La France a condamné, mais même si elle le faisait plus durement, cela n’aurait aucune influence sur le gouvernement Nétanyahou, sauf à provoquer une rupture diplomatique. Ce dont ne veut pas Emmanuel Macron, dont la philosophie consiste à parler à tout le monde.

Huboux : Comment réagit l’opinion publique israélienne à ces massacres ?

L’opinion israélienne est majoritairement indifférente au massacre à Gaza. C’est le résultat des années d’Intifada au début des années 2000 et des nombreux attentats-suicides à l’époque. Depuis, les Israéliens souhaitent une séparation nette avec les Palestiniens, ils ne veulent plus les voir ni en entendre parler. C’est le cas depuis le retrait israélien de Gaza et la construction du mur de séparation avec la Cisjordanie. Benyamin Nétanyahou a été élu sur un programme de droite, il n’y a aucune chance qu’il soit sanctionné par l’opinion pour avoir tenu une ligne dure.

David : Israël n’a-t-elle pas perdu hier le soutien des opinions internationales pour longtemps ?

Je pense que le soutien de l’administration Trump donne à Israël le sentiment d’un soutien diplomatique fort, mais c’est une illusion dangereuse. La journée d’hier a causé des dégâts considérables sur l’image d’Israël. Et le plus dangereux est que le pays ne s’en rende pas compte. Car même l’opinion américaine et, en particulier, la grande majorité des juifs américains sont choqués par ce qui s’est passé. Dans l’opinion mondiale, Israël est plus isolé que jamais.

Daniele : Comment réagissent les gouvernements arabes ?

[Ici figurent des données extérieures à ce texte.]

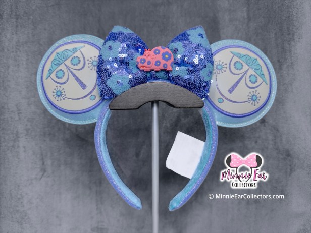 These ears are a pastel dream, pulling inspiration from the iconic Mary Blair art style and the whimsical characters found throughout the ride. The ears themselves feature a soft, shimmering aqua-colored background. Each ear showcases the famous smiling clock face from the ride’s exterior, rendered in sparkly purple and white with delicate embroidered borders. This is where the sparkle really happens! The bow is covered in dual-toned sequins—vibrant purple mixed with pops of bright blue. Sitting right in the middle of the bow is the star of the show: a pink silicone hippo! This fan-favorite character from the the ride is detailed with tiny purple flowers, adding a 3D pop of personality to the headband. The outer headband matches the purple of the bow with a glittery finish, while the interior is lined with a soft aqua velour for a comfortable fit during your park hop.
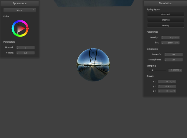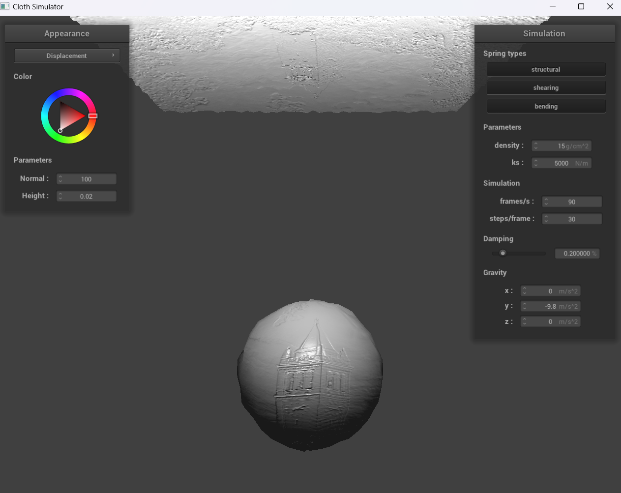 and constrain the positions by not allowing the springs to extend to more than 1.1 times their rest length. In part 3, we handle the way our cloth interacts/collides with spheres and planes by not allowing them to clip through them and instead applying a repellant force upon collision, and we also account for friction. In part 4, we handle self-collision of our cloth in a sped up fashion by hashing our cloth’s points and comparing each point’s location to other points within the same hash region. In part 5, we implement accelerated shaders by implementing diffuse shading, Blinn-Phong shading, texture mapping, displacement/bump mapping, and finally environment-mapped reflections.
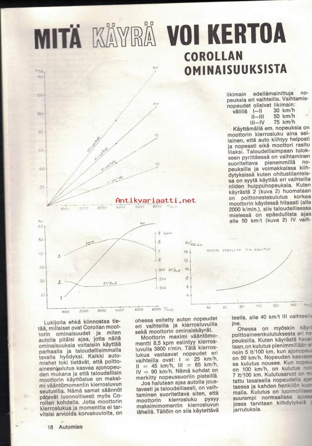 Automies 1975 N:o 3. Ystävällinen auto on iso Corolla. Koesoutu: Terhi 375. Auto kuin vene on Citroen 2 CV. Asenna itse: puristukset puntariin.
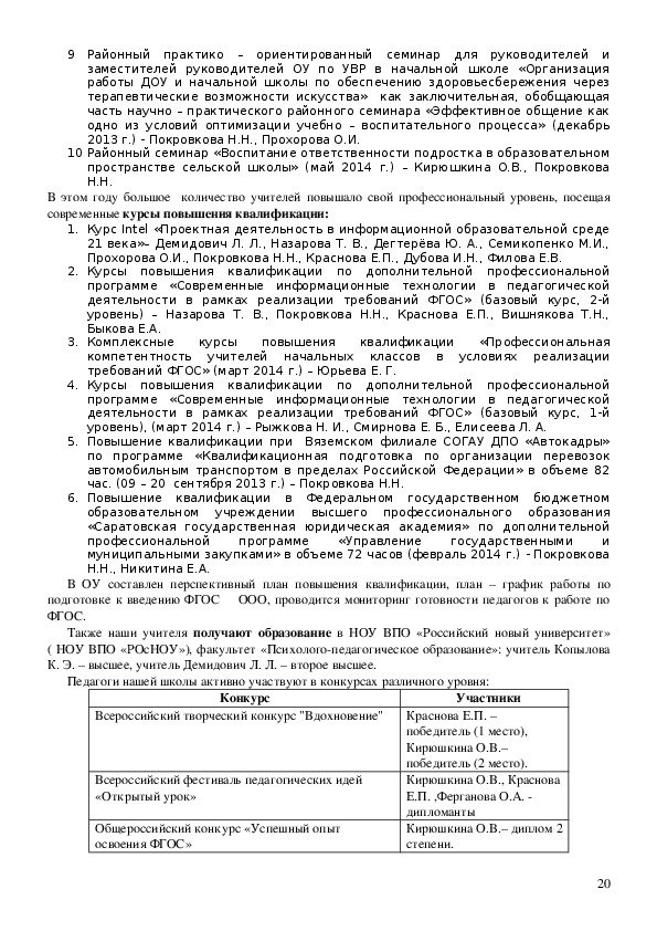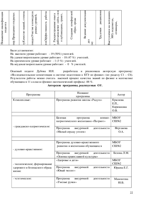 часть педагогического коллектива составляют опытные учителя с большим стажем работы,

Ils sont plutôt silencieux. Une réunion de la Ligue arabe a été convoquée, mais elle n’est que de pure forme et n’aboutira probablement à aucune décision majeure. Les principaux pays du Golfe (Arabie saoudite et Emirats arabes unis) sont surtout obsédés par l’Iran et voudraient passer une alliance avec Israël contre leur ennemi principal, quitte à oublier la cause palestinienne. Quant à l’Egypte, elle se méfie du Hamas, jugé lié aux Frères musulmans. Elle estime, en outre, que la bande de Gaza est une source de danger pour elle à cause des trafics d’armes avec les groupes djihadistes dans le Sinaï.

Patrick : Peut-on imaginer une action iranienne à la suite de ces événements ? L’Iran semble être un des rares pays à condamner fermement les actions israéliennes.

Il faut voir comment le Hezbollah libanais va agir cet après-midi. Va-t-il laisser des Palestiniens s’approcher de la frontière nord d’Israël, comme plusieurs groupes de jeunes Palestiniens en ont l’intention aujourd’hui ? Cela permettra de mesurer l’attitude iranienne. Je ne crois pas, en revanche, en l’état actuel des choses, à une action iranienne depuis la Syrie par exemple (tirs de missiles). Le violent accrochage de la semaine dernière a probablement rendu les Iraniens plus prudents.

Si, en revanche, les massacres de grande ampleur devaient durer plusieurs jours à Gaza, l’Iran pourrait entrer dans la danse, notamment pour souligner la passivité des pays arabes et regagner une partie des opinions arabes sunnites perdues à la faveur du soutien au régime de Bachar Al-Assad en Syrie.

Lancastre : Pouvez-vous préciser les attentes des Palestiniens en matière de droit au retour ?

Officiellement, les Palestiniens réclament un droit au retour intégral des réfugiés. Cela n’est ni possible ni souhaitable soixante-dix ans plus tard. Et l’un des torts de l’Autorité palestinienne est de ne pas avoir dit qu’elle renonçait officiellement au droit au retour littéral en échange d’arrangements, mais, lors des négociations passées, des solutions ont été esquissées : des échanges de territoires, des compensations financières… Il existe donc des compromis possibles. Maintenir le dogme du droit au retour intégral donne à Israël une justification pour dire que son existence même est menacée.